Below you can find a bash script that downloads the reads from the SRA and prepares the directory structure. Run these commands in the work_sarscov2 directory.
download_reads () {
# SRR ID
SRR_ID=$1
# path to the directory containing the reads on the ENA FTP
FTP_PATH=$2
# creating the raw_data directory
mkdir -p samples/$SRR_ID/20200102/raw_data
# downloading the reads from ENA
# note that we rename the _1 suffix to _R1 and _2 to _R2
curl \
-o samples/$SRR_ID/20200102/raw_data/"${SRR_ID}"_R1.fastq.gz \
ftp://ftp.sra.ebi.ac.uk/"$FTP_PATH"/"$SRR_ID"/"$SRR_ID"_1.fastq.gz
curl \
-o samples/$SRR_ID/20200102/raw_data/"${SRR_ID}"_R2.fastq.gz \
ftp://ftp.sra.ebi.ac.uk/"$FTP_PATH"/"$SRR_ID"/"$SRR_ID"_2.fastq.gz
}
# executing the function for the two SRR IDs
download_reads SRR10903401 vol1/fastq/SRR109/001
download_reads SRR10903402 vol1/fastq/SRR109/002
The downloaded files should have the following structure:
📁samples
├───📁SRR10903401
│ └───📁20200102
│ └───📁raw_data
│ ├───🧬SRR10903401_R1.fastq
│ └───🧬SRR10903401_R2.fastq
└───📁SRR10903402
└───📁20200102
└───📁raw_data
├───🧬SRR10903402_R1.fastq
└───🧬SRR10903402_R2.fastq
Configuration#
In the work_sarscov2 directory you can find the file config.yaml. Open it in your editor and copy-paste the contents of the yaml file below in there. Our data is from the SARS-CoV-2 virus. Therefore, we can use the reference genome and annotation files provided by V-pipe, that we can specify at general.virus_base_config. In addition to that, we will set the input.read_length to 150 and output.snv to true to enable the SNV calling:
general:
virus_base_config: 'sars-cov-2'
input:
samples_file: samples.tsv
read_length: 150
output:
trim_primers: false
snv: true
local: false
global: false
visualization: false
diversity: false
QA: false
upload: false
dehumanized_raw_reads: false
You can also get it from the V-pipe repository with:
cp ../V-pipe/docs/example_sarscov2_data/config.yaml .
Running V-pipe#
After having prepared the configuration, we can continue with a dry run to see what gets executed and to create the samples.tsv file:
./vpipe --dryrun --cores 2
As this is your first run of V-pipe, it will automatically generate the sample collection table (samples.tsv). Check samples.tsv in your editor. It is always a good idea check the content of the samples.tsv file, as it is used to collect the samples for the analysis. Of course, you can also provide samples.tsv yourself, before running the pipeline. If you did not use the expected directory structure, this file might end up empty or some entries might be missing. If so, you can safely delete it and re-run with option --dry-run to regenerate it. More information on the samples.tsv file can be found in the documentation.

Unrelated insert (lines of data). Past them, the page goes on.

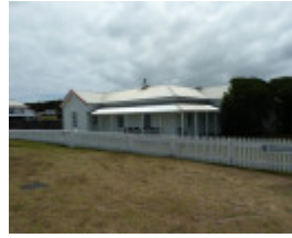
H1222 CAPE OTWAY LIGHTSTATION LHA 2015 3.JPG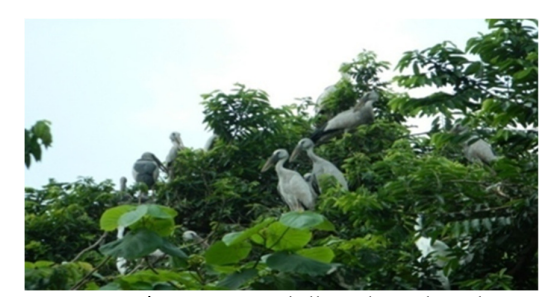
Figure 4. Asian open bill stork's colonial nest

birds, thus incurring a financial loss. Due to heavy rains, chicks may sometimes fall from their nests and are rescued by the villagers and returned to their original nests. Small children are also forbidden from setting off firecrackers near the trees during the nesting season. Similar heronry protection has been observed in some villages of Uttar Pradesh, Andhra Pradesh and Tamil Nadu (Pathak, 2009). Such an approach helps to increase the population by decreasing the mortality rate.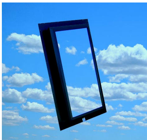
THE MARQUIS SERIES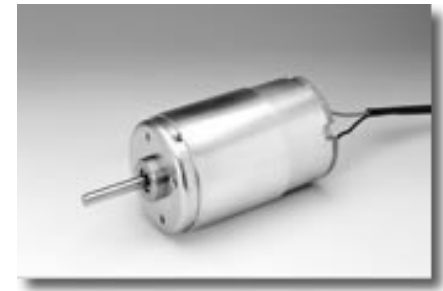
Weight: 630g (approx)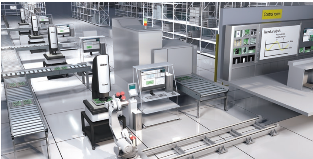
Illustrative example of "NEXIV" operation using "Remote Control SDK". Please take the appropriate safety measures when installing.

The remote control Software Development Kit (SDK) is a tool for developing user software modules to control and automate the NEXIV video measuring systems. Automate component carriers and measurement steps remotely or on the production floor by integrating NEXIV together with the component carrier conveyor system.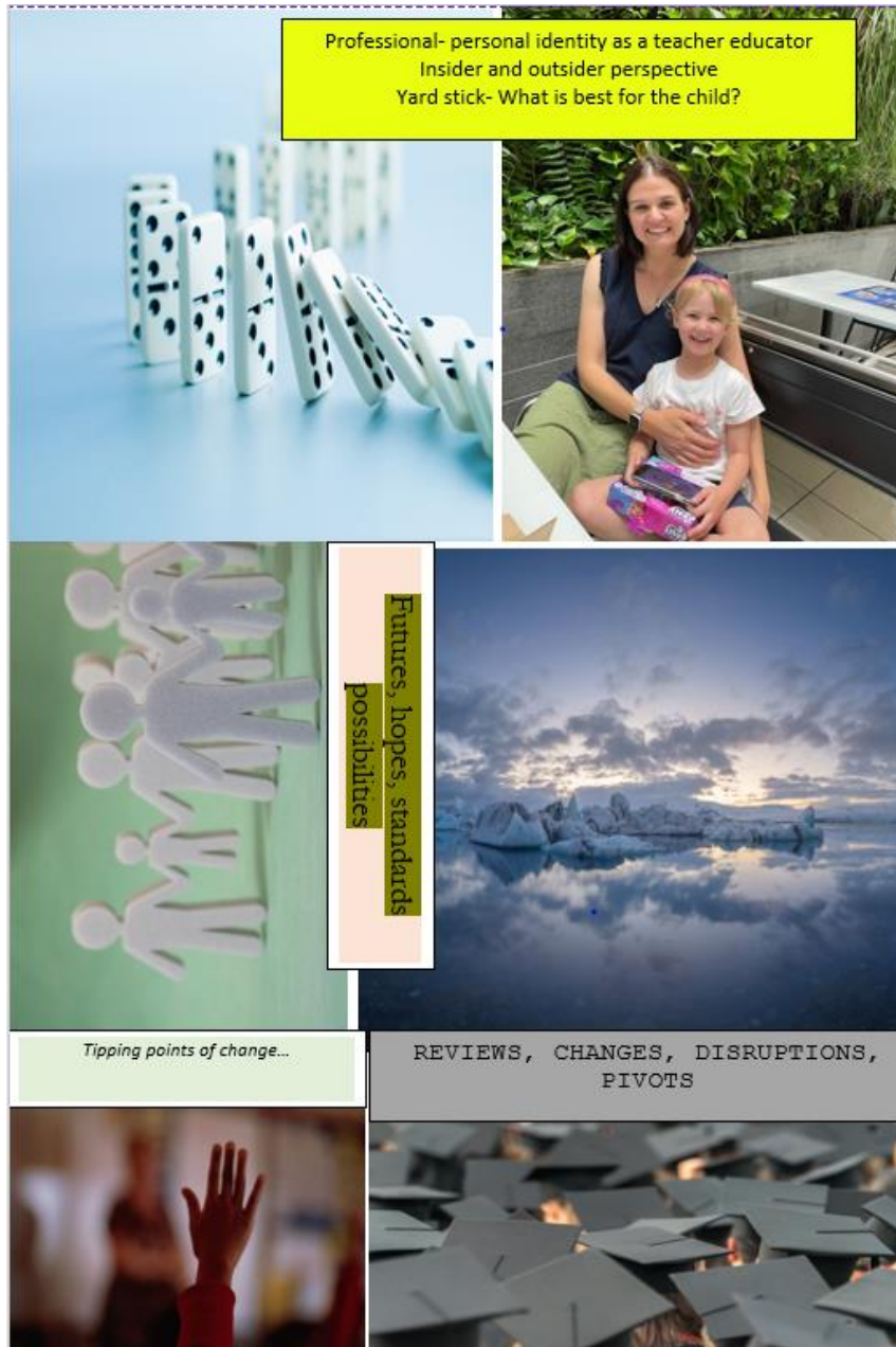
Figure 2: Voice 2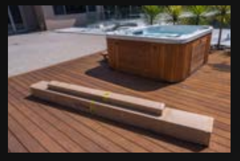
STEP 1: BOX1 = frame / legs / bolts BOX2 = awning / weather bag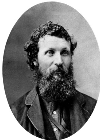
John Muir

"But how can that be," I objected, "when the pea is a weak, clinging, straggling herb, and the locust is a big, thorny hardwood tree?"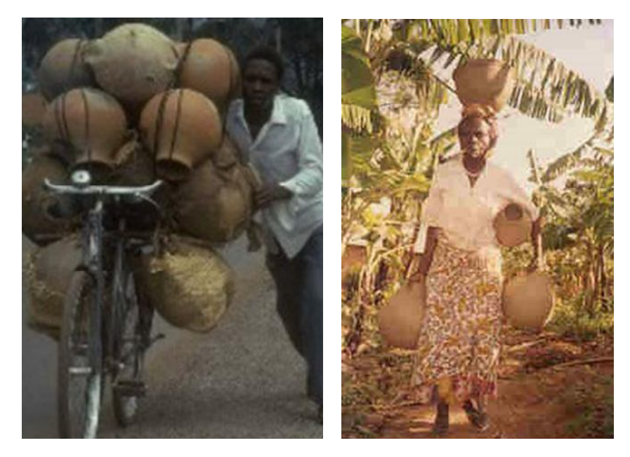
Figure 20. Potters transporting their products to the weekly market.

although at times, potters get orders from direct consumers for particular items, or vend them on a daily basis. The authors documented potters taking their pots to the weekly market. The transport system is still rudimental, where the common mode of transport is by head carriage, and on some occasions, potters get help from family members to push the wares on bicycles (Figure 20). On reaching the market, the wares are spread on the ground waiting for the buyers.

Finally, we can run the V-pipe analysis. The first run will take a while because it will install all necessary software dependencies with conda:
./vpipe -p --cores 2
# -p and --cores (and all other options) are passed to snakemake. -p is for printing shell cmds.

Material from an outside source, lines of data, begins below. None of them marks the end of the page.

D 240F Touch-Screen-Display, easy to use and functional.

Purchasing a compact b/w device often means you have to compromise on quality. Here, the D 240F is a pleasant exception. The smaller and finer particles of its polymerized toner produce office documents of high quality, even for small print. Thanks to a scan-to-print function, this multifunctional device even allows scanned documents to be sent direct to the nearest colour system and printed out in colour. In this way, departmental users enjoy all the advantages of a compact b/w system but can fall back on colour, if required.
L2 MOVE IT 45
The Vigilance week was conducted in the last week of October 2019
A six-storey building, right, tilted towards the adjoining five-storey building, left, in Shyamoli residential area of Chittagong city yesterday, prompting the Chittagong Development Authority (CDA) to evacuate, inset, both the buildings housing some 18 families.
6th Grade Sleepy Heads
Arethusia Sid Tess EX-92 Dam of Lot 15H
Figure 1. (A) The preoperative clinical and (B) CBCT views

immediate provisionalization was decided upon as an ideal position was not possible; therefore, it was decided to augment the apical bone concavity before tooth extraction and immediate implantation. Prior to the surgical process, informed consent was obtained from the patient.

# takes a while to run, needs to install packages
Note
Note that vpipe is a wrapper for snakemake. All options that are passed to vpipe are options to snakemake. More information about snakemake options can be found in the snakemake documentation.
Output#
The output of the SNV calling is aggregated in a standard VCF file, located in results/{hierarchy}/variants/SNVs/snvs.vcf, you can open it with your favorite VCF tools for visualisation or downstream processing.
It is also available in a tabular format in results/{hierarchy}/variants/SNVs/snvs.csv.
Expected output#
The small dataset that we used in this tutorial section has been analyzed by doi:10.1093/nsr/nwaa036. The results of the original analysis (using bwa, samtools mpileup, and bcftools) are displayed in Table 2 in the article:
Using either the VCF or CSV files, compare with the results given out by V-pipe (with bwa and ShoRAH).

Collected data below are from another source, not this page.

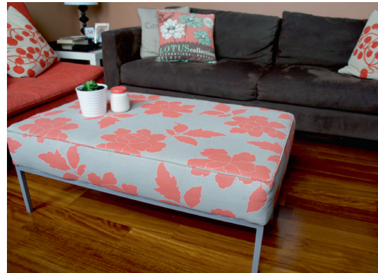
Figure 4. Coffee table converted to ottoman.

We categorized as Change in Form, when an existing product is reconfigured to better meet updated or slightly modified functions. When the original function becomes less relevant, the form of the product is modified to make the product relevant again. The hack fulfills the same or similar functions as the original product, but with an updated form. Examples include reconfiguring an unused wardrobe into a cleaning cupboard to store mops, vacuum cleaners, and cleaning supplies. Figure 4 shows an old coffee table converted into an ottoman by attaching a top cushion.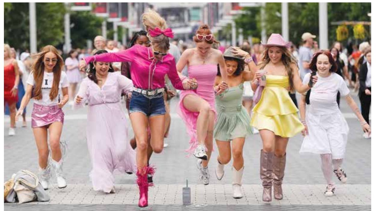
Fans of singer Taylor Swift, called Swifties, arrive at Wembley Stadium in London on Thursday for the first of five concerts of Taylor Swift's Eras Tour.

This will be the first election since Sri Lanka plunged into economic crisis when the island nation declared sovereign default in mid-April of 2022, its first since gaining independence.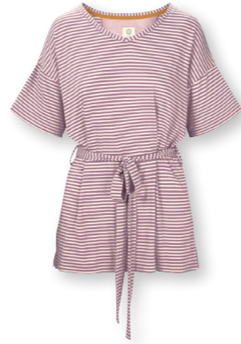
TONYA Short Sleeve Top Little Sumo Stripe Lilac 48% Viscose | 48% Polyester | 4% Elastane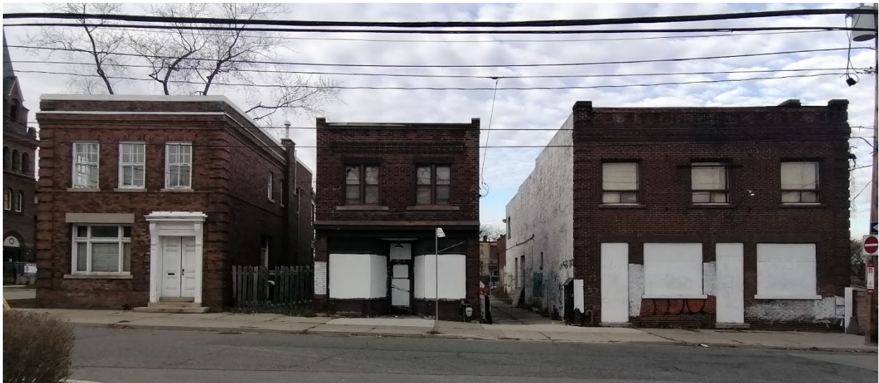
Figure 13 South elevations of (right to left) 78, 80 and 86 Mimico Avenue (Heritage Planning, 2023).

For positions 19164 and 24323 of SRR10903401 and position 11563 of SRR10903402, we expect to see similar results in V-pipe.
For the remaining positions (1821, 26314 and 26590 of SRR10903401), we expect that ShoRAH will consider the variants of poor quality and reject them because there is very little support ( <= than 5 reads supporting the alt).